Labour will today demand publication of the report but Mr Heseltine is reluctant, on the ground that it would help Britain's competitors to target British weaknesses. The report, by the DTI industrial competitiveness unit, was commissioned by Mr Heseltine and found that, in spite of the competitive exchange rate policy since Britain was forced out of the Exchange Rate Mechanism, the country's main source of new products is imports and its product base is weak and deteriorating and will take years to put right.
Asked whether he accepted that, Mr Heseltine said: 'Yes I do . . . This is the culmination perhaps of 100 years of cultural separation of many aspects of our society and the manufacturing base.'
The Prime Minister - who first signalled the higher priority for manufacturing in the Independent - was masterminding a dialogue on the report right across
government, Mr Heseltine said.
Robin Cook, Labour's trade and industry spokesman, told a Labour conference in Scotland: 'The report confirms . . . if the present trend continues, this government will have fewer people at work making things than we have people out of work making nothing. That is the shame that Britain faces.'
It will intensify the pressure on the Chancellor for action on unemployment. Sir Edward Heath, the Conservative former Prime Minister, and Gordon Brown, the Labour spokesman on treasury affairs, were united during the BBC Breakfast with Frost show in demanding that action on unemployment be the centrepiece of the Budget strategy.
'Whatever he does about taxes, I do not think people will really regain confidence until unemployment stops rising. People who fear for their jobs will not spend money and will not invest,' said Sir
Mr Brown said 'the major challenge' for Mr Lamont would be measures for the long-term jobless and those under 25 on the unemployment register.
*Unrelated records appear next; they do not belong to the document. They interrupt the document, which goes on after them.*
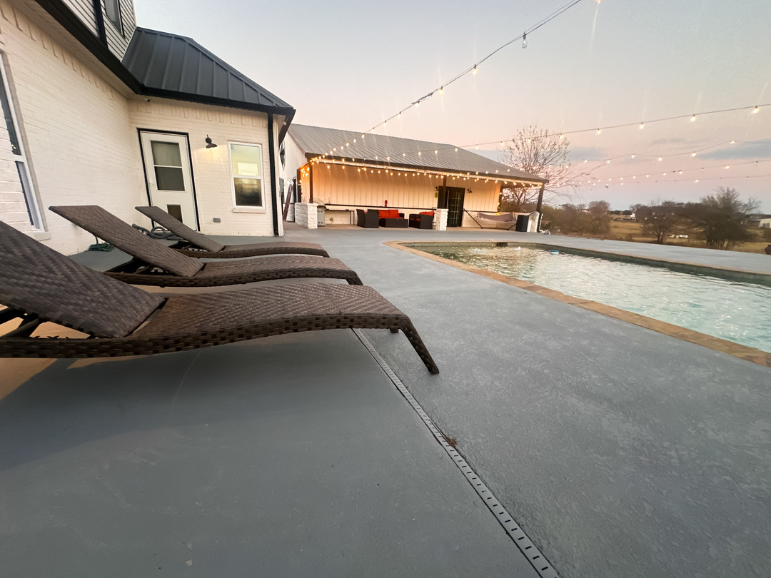 Host your next event on a scenic 9-acre ranch featuring rolling hills and stunning sunset views just outside Gunter, Texas. Sahvana Ranch offers flexible indoor and outdoor spaces for up to 80 guests, ample parking, and modern amenities. Perfect for weddings, parties, and family gatherings, with a pool, kids’ play area, fire pit, and more. Enjoy a blend of privacy, natural beauty, and upscale comfort—ideal for unforgettable celebrations.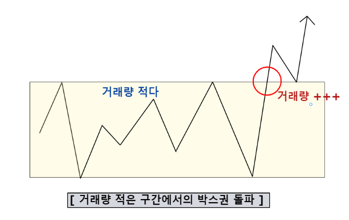 점수가 높은 박스권 돌파는, 박스 구간내의 거래량보다 훨씬 많은 거래량 또는 거래대금이 터져주면서 상방돌파가 나와주는 경우이다.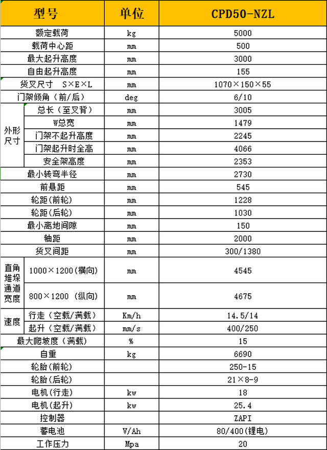 CPD50-NL锂电池叉车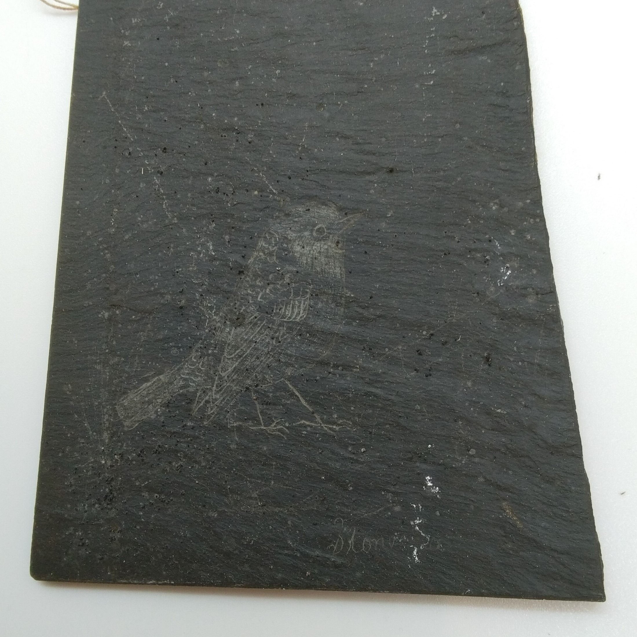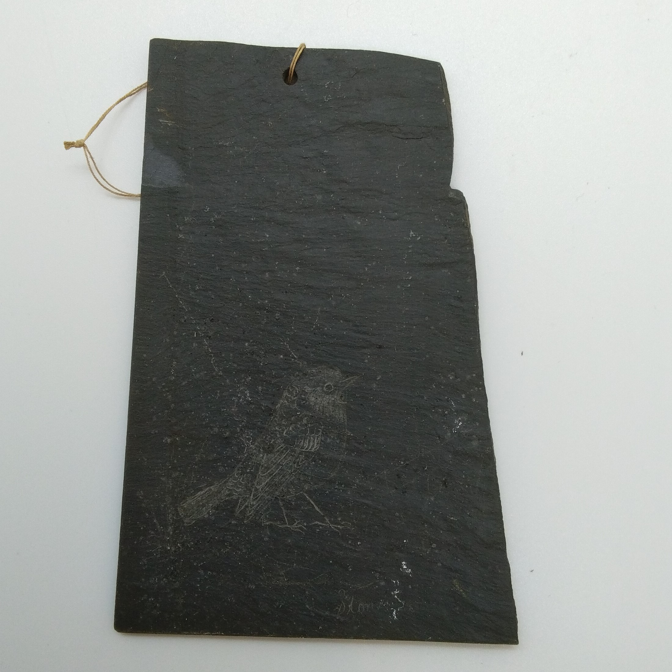 Liten skifferplatta med fågelristning. Mycket välgjord. Mått ca 14*9 cm. Märkt med konstnären namn som är svårt att tyda men det kan vara ”Stone” vilket hade varit ganska vitsigt!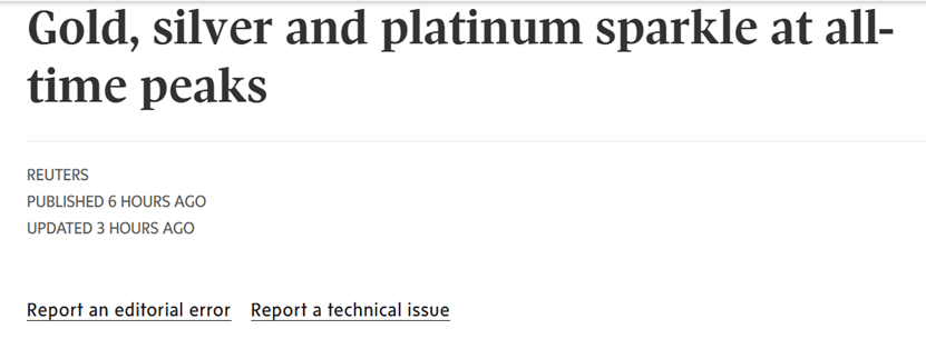 涨超1%,黄金、白银价格都达到了历史高点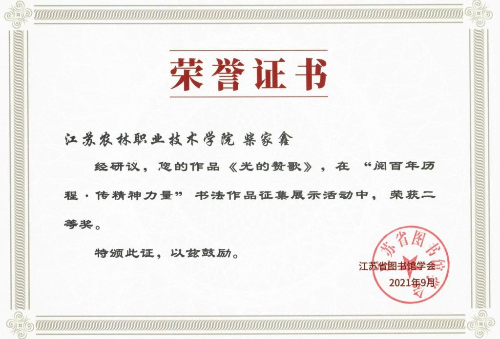 近日,由江苏省图书馆学会阅读推广委员会举办的“阅百年历程·传精神力量”书法比赛落下帷幕。本次比赛围绕党的百年历史和习近平新时代中国特色社会主义思想展开创作,共征集作品498部。经专家评审会初审、复审、研议、确认,最终评选出硬笔书法单项奖31个,软笔书法单项奖39个,网络人气奖31个,优秀组织奖16个。我校图书馆选送的作品共取得1个一等奖、1个二等奖和5个三等奖的优异成绩。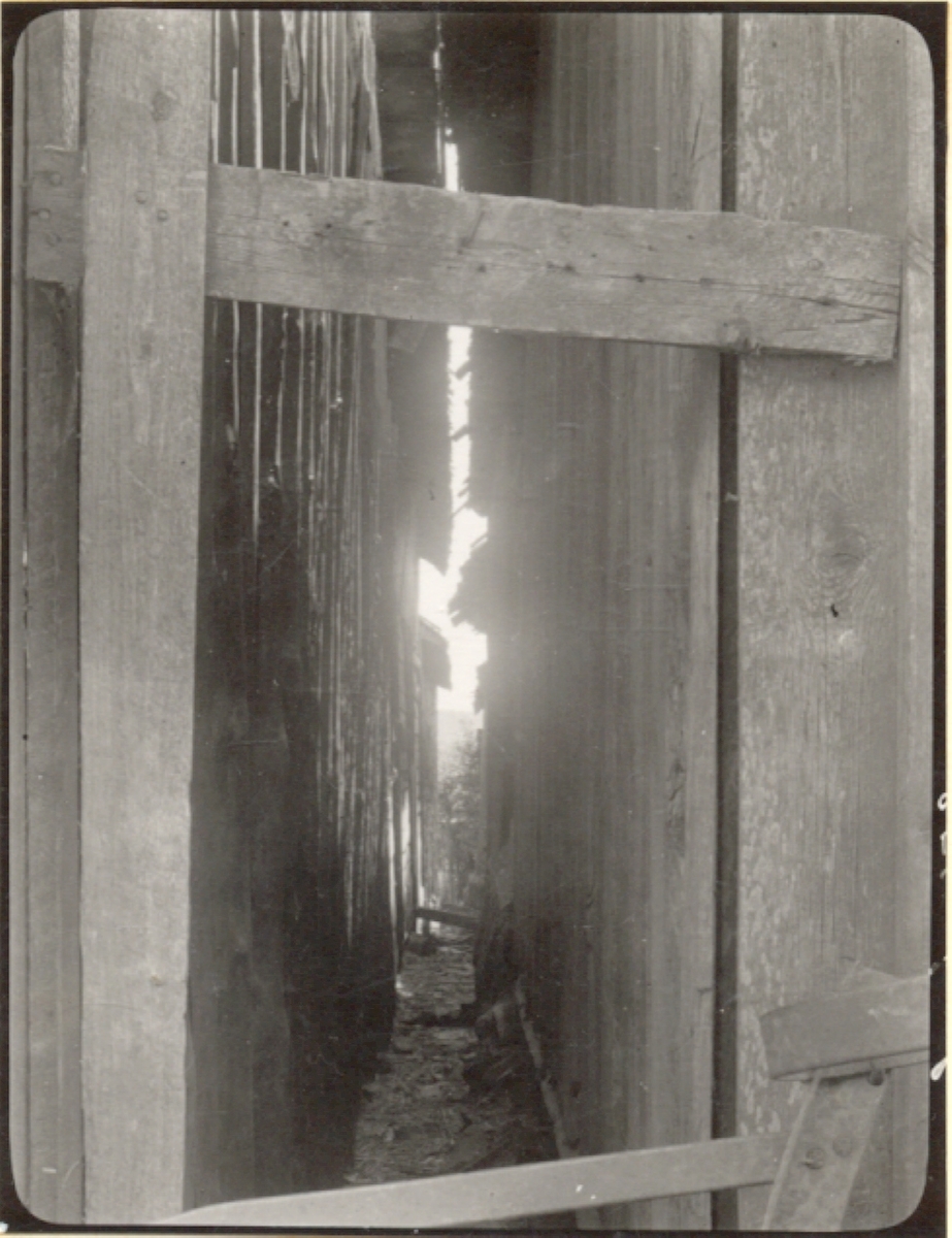 Skillnadsgata mellan Robert Karlssons och Gunnar Sandgrens gårdar. Den förres till vänster och den senares till höger. Logar och ladugårdar.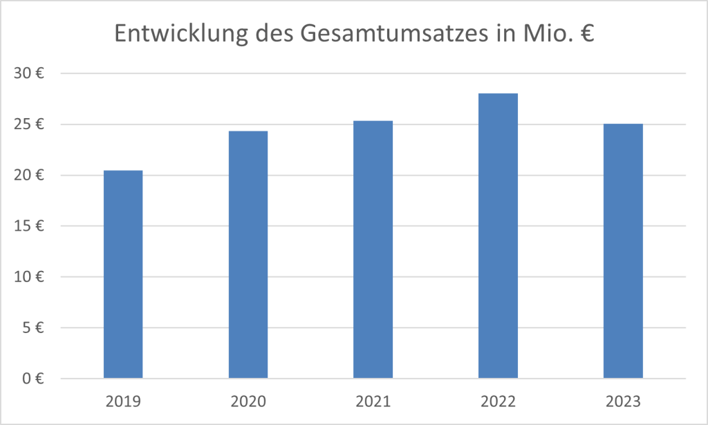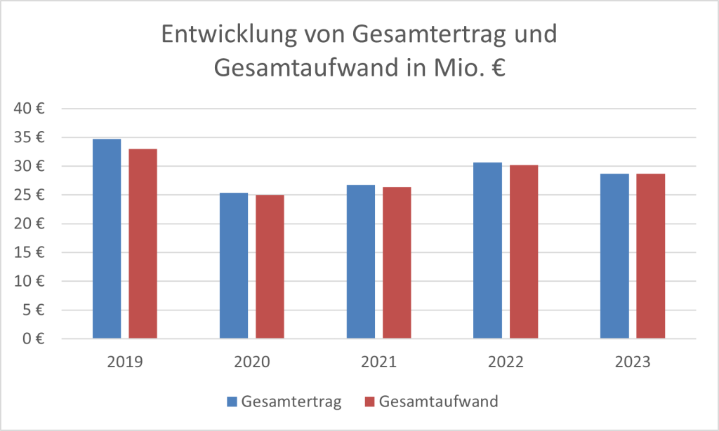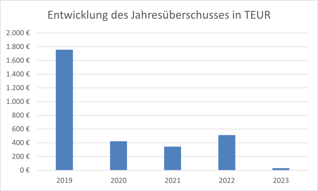 Im Geschäftsjahr 2019 konnte ein Jahresüberschuss von rund 1.775 T€ erzielt werden. In den darauffolgenden Jahren verschlechterte sich die wirtschaftliche Situation zunehmend, sodass der Jahresüberschuss bis 2021 um über 80 % auf 346 T€ zurückging. Im Jahr 2022 setzte eine Erholung ein, deren positive Entwicklung im Geschäftsjahr 2023 jedoch deutlich an Dynamik verlor.

He also accused the Chancellor of seeking alibis in his interview in the Independent on Sunday yesterday.
There were clear hints that the tax increases will be more modest than feared. One Cabinet source said: 'He has got two Budgets this year. The most important thing is not to stop the recovery.'
The small net tax rise will be presented as a first step in a long- term programme of attacking the Government's spiralling budget deficit, forecast last November to reach pounds 37bn in this financial year.
Apart from the promised rise in motoring taxes to pay for the cut in car tax announced in November, Mr Lamont is thought to have considered three main options in his quest for more revenue:
A rise in employees' and employers' National Insurance contributions of 1 percentage point. The Chancellor has also considered stealing some of the Labour Party's clothes by levying the employees' 1 per cent increase even on incomes above the pounds 420 per week NICs ceiling.
An extension of VAT at 5 per cent to items such as books, children's clothes and fuel.
An reduction in the effective value of mortgage tax relief.
Last autumn the Chancellor deferred an increase in NICs only because of the severity of the recession. But he is now expected to point to the strength of car sales, high-street spending, the money supply and survey evidence about business and consumer confidence as proof that the recovery is genuinely under way.
The Chancellor's tax-raising measures in this Budget may foreshadow much more wide-ranging plans to extend the VAT base in the November Budget.